= Your instructions =
Give back an exact copy of the lines in the records below, from the line that has "Слайд 7Атомдар мен" through the line that has "Ножка-опора регулируемая 135", and nothing besides.

= Data extracts =
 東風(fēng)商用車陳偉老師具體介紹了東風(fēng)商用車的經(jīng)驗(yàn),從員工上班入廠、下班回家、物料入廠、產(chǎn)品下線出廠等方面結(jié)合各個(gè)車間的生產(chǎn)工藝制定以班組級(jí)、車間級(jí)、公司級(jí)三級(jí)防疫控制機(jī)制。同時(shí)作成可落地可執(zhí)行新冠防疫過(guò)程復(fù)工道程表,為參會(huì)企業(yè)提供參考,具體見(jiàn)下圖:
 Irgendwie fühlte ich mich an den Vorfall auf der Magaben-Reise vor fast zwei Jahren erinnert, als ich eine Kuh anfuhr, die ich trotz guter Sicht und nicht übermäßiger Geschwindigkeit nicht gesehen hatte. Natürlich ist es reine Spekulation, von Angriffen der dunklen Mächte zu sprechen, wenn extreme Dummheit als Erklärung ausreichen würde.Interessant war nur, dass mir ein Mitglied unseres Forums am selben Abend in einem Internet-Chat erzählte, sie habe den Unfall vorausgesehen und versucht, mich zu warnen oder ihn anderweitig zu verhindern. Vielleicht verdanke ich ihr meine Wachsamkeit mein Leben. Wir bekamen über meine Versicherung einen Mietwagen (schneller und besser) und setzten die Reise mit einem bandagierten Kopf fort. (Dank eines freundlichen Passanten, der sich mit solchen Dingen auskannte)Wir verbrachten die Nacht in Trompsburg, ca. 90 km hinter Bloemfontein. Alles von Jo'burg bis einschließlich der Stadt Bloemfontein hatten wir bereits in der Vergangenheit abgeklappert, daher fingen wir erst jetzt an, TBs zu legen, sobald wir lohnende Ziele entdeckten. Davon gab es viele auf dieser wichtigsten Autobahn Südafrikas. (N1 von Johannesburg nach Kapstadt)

==

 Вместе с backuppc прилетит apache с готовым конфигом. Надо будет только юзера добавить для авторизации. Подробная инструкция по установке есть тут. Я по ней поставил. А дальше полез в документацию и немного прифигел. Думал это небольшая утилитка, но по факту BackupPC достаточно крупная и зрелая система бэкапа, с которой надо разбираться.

---

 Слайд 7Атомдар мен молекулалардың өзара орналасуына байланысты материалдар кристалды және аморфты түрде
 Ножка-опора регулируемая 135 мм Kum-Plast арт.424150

= Solution =
 Слайд 7Атомдар мен молекулалардың өзара орналасуына байланысты материалдар кристалды және аморфты түрде
 Ножка-опора регулируемая 135 мм Kum-Plast арт.424150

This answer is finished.